Problem to work on:
Write down exactly the lines from the one below that has "La marca también" to the end of the data, both ends included; the pictures should not appear in your copy.

Data segment:
++++++++++

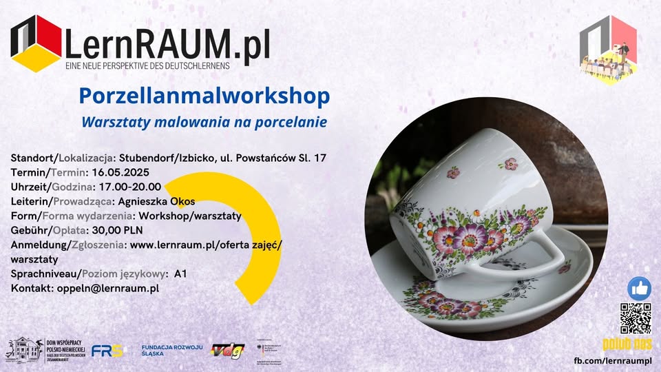 DFK Stubendorf veranstaltet am 16. Mai einen Porzelanmalworkshop für Erchwachsene im Rahmen des Projekts LernRAUM.pl. Die Volkskünstlerin Agnieszka Okos zeigt, wie man kunstvoll das Porzellan verzieren kann. Nebenbei werden die Teilnehmer auch deutschen Wortschatz lernen. Anmelden kann man sich unter www.lernraum.pl. Der Workshop beginnt um 17.00 Uhr im DFK-Sitz.
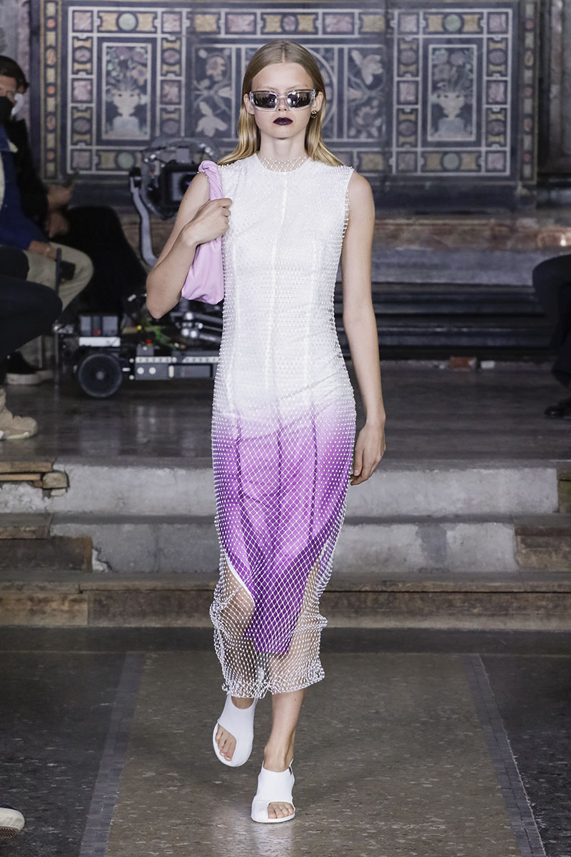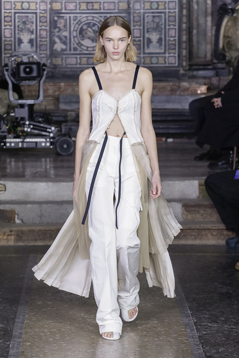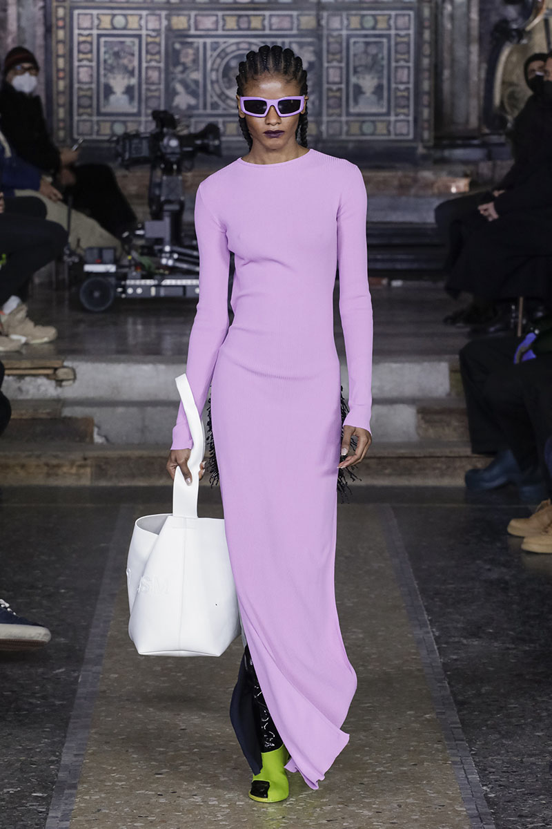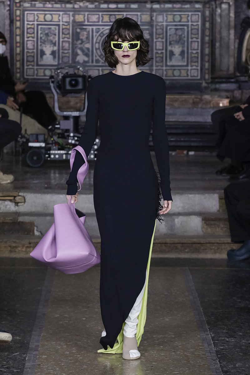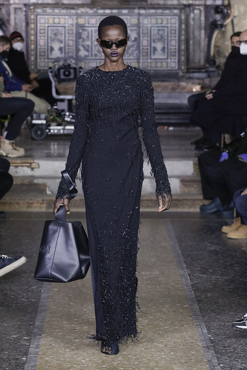La marca también incluye elementos de sastrería a partir de lanas con mucha textura y densidad y materiales elásticos más modernos. Los vestidos de mujer se ciñen al cuerpo con estructuras sin rematar y cortes abiertos e invertidos que se complementan con correas en contraste con detalles metálicos.
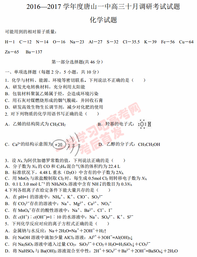 高中化学模拟题 http://www.ajrhws.com/hx/
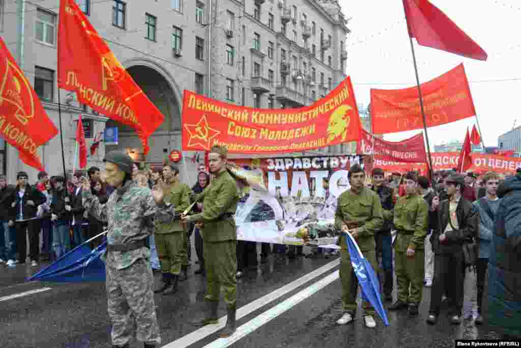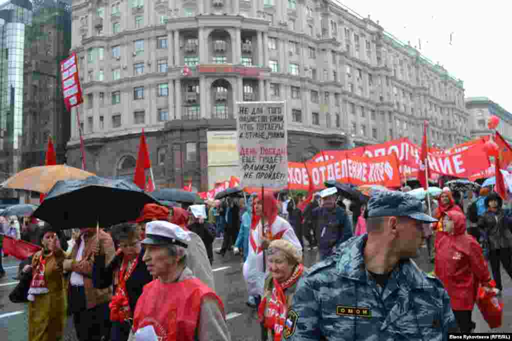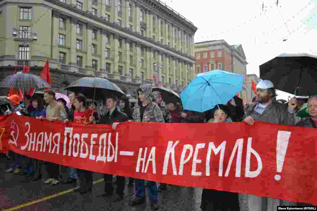 9 май көнне Мәскәүдә коммунистлар партиясе "Гадел сайлаулар" өчен каршылык чарасы үткәрде. Аларга оппозициянең башка вәкилләре дә кушылды. Чарада катнашучылар "Безнең бабаларыбыз сугышты, ә сез урлап бетердегез!", "Путин - карак!" дигән шигарләр яңгыратты.

++++++++++

Exercise answer:
La marca también incluye elementos de sastrería a partir de lanas con mucha textura y densidad y materiales elásticos más modernos. Los vestidos de mujer se ciñen al cuerpo con estructuras sin rematar y cortes abiertos e invertidos que se complementan con correas en contraste con detalles metálicos.
 高中化学模拟题 http://www.ajrhws.com/hx/
 9 май көнне Мәскәүдә коммунистлар партиясе "Гадел сайлаулар" өчен каршылык чарасы үткәрде. Аларга оппозициянең башка вәкилләре дә кушылды. Чарада катнашучылар "Безнең бабаларыбыз сугышты, ә сез урлап бетердегез!", "Путин - карак!" дигән шигарләр яңгыратты.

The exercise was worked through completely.